# Parking at a gas station?



## A Flood99 (Apr 22, 2007)

Alright, in order to bypass the most dangerous portion of my commute, I'm driving the car down two trouble streets and then parking it at a Quick Trip (pretty nice, new, "upscale" gas station). 


Doing this, what do you think are my chances of getting my car towed? 

I'd hate to ride up after work and see my car gone, but a big gas station seems like a pretty safe bet.


----------



## Trek Willy (Apr 29, 2008)

Find out who owns the station and ask if it's ok.


----------



## HarryCallahan (Nov 2, 2004)

Trek Willy said:


> Find out who owns the station and ask if it's ok.


:thumbsup: +1
Scope it out.

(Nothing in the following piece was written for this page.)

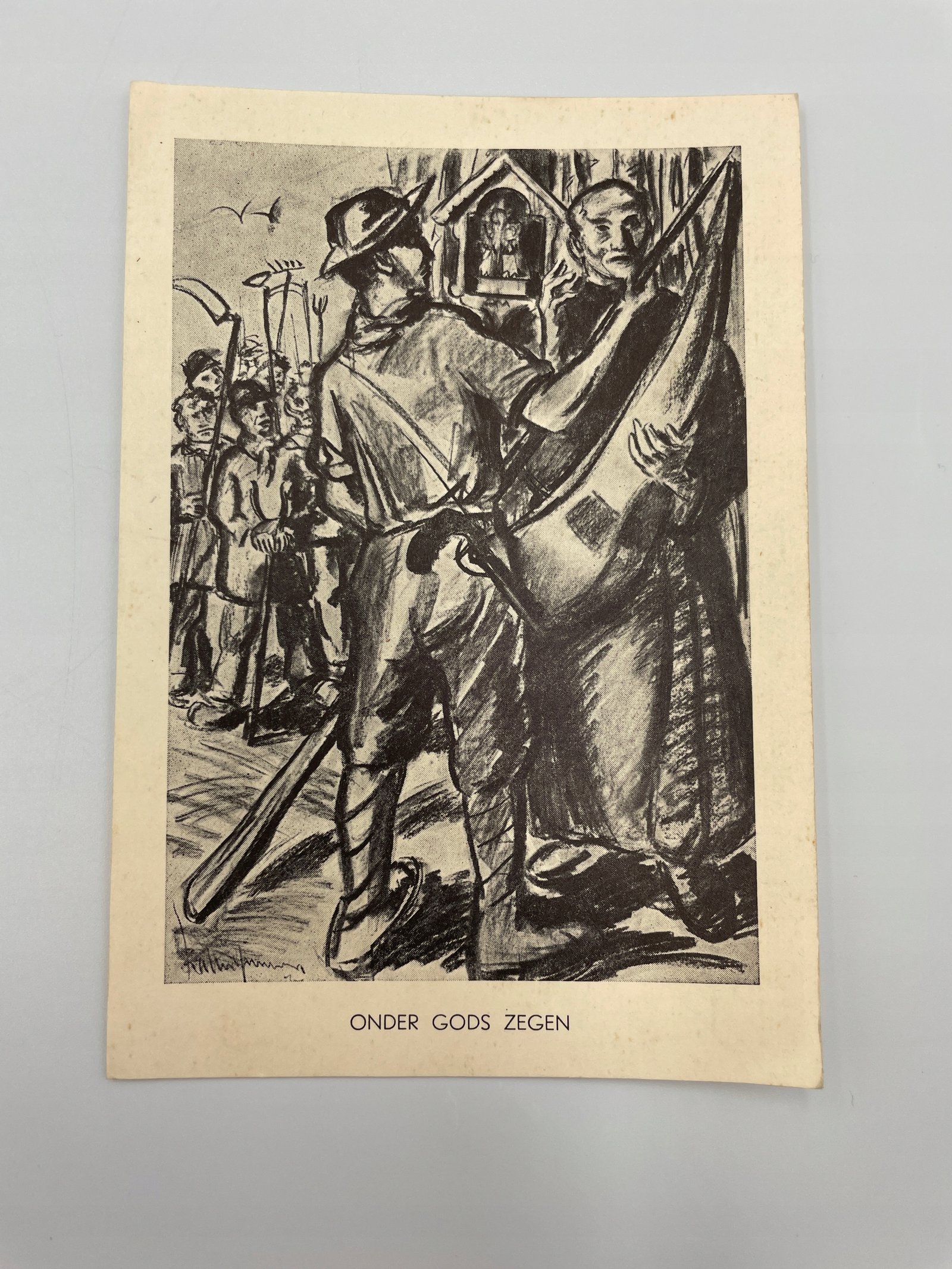 Pocztówka Belgia ok. 1950 Onder Gods Zegen rysunek Kallist Fimmers

How busy are they? Maybe if you buy your gas from them they'd let you park there for no fee.


----------



## Squash (Jul 20, 2003)

*Depends on the owner/management....*

The old adage "it's easier to ask forgiveness than it is to ask for permission" doesn't apply here! The gas station isn't "a long term parking area" and they may not like you parking there all day. In that case you are very likely to get your car towed. It's private property and they don't have to put up with it if they don't want to, or take a dislike to your face, or your car.

The right thing to do is ask for permission, and not from the moke behind the counter, ask the manager or the owner. It will likely depend on their traffic volume and the size of the parking lot. If they have a largeish lot and you park well out of the way in a corner somewhere they may not mind. If it's a small lot with high traffic volume they may say no. Their first consideration is to their customers afterall. They may charge you a fee, they may not. It is within their rights to do so. All you can do is ask. But DO ask! Otherwise I'd be willing to bet that at some point in time you'd show up on your return trip and your car would be MIA!

Good Dirt


----------



## A Flood99 (Apr 22, 2007)

Good advise guys

Its one of those giant, corporate owned, nation-wide gas station chains.....So, I'll have to do some investigating on who to speak with. 

I'd say its a pretty high traffic station, but its got a TON of space.....I figure if I park in front of the pumps and far away from the convenience store part, I'd be alright


----------



## TrekJeff (Oct 12, 2006)

Odds are if you have a gas station that size then there's some other parking lots close by? In college when we opted not to pay for a parking pass we would park in the big box store parking lot.


----------



## Vaultman (Apr 2, 2008)

See if you can talk to a manager. You are right the owner is probably some national corporation. The station manager would be able to give you permission or at least tell you who to call or write.


----------



## mtbAndy (Jun 7, 2004)

If you get permission it would be a good idea to get it in writing too. This could help you out if anyone ever disputes you parking there or someone does tow your car.


----------



## gambeezie (Apr 20, 2008)

idk about you but most of the QT's around my area have 20-30 ( some even more) parking spots and 15-20+ gas spots. I really think theyd notice after a couple weeks.

Im guessing a hotel isnt a opition?


----------



## gnslr (Dec 24, 2004)

Not sure but wouldn't it be less stressful just to as for permission to park and if they say no check out other area buissnesses until you find one that is ok with it?


----------



## TrekJeff (Oct 12, 2006)

gambeezie said:


> idk about you but most of the QT's around my area have 20-30 ( some even more) parking spots and 15-20+ gas spots. I really think theyd notice after a couple weeks.
> 
> Im guessing a hotel isnt a opition?


Explain that one to the wife as she drives by and see's the car parked there after you've "gone to work"...:thumbsup: :aureola: :idea:


----------



## grungePoodle (Jul 3, 2007)

What about a grocery store parking lot? I do it all the time for long rides. I would only do a gas station if I had permission to avoid risk of towing.


----------



## gambeezie (Apr 20, 2008)

TrekJeff said:


> Explain that one to the wife as she drives by and see's the car parked there after you've "gone to work"...:thumbsup: :aureola: :idea:


whoa whoa whoa, who said I let the wife LEAVE the house???? what kind of cRazy idealist are you? pshhh, hippy :skep:  :nono:


----------



## elgeneralsv (Dec 7, 2006)

Is there a public transit that allows a similar option? that worked for me when I leave during morning trouble hours I put the bike on the bus rack and that eliminates my problem for the most part. Also I leave earlier having observed traffic in these areas you can figure what times to leave such that you have less problems. I arrive at work earlier but I arrive in one piece and thats the important thing!


----------



## A Flood99 (Apr 22, 2007)

I didn't even bother driving......I just leave the car at home

I built up a dedicated commuter and can now treat the dangerous roads like single-track and just carve along the side of the road.


----------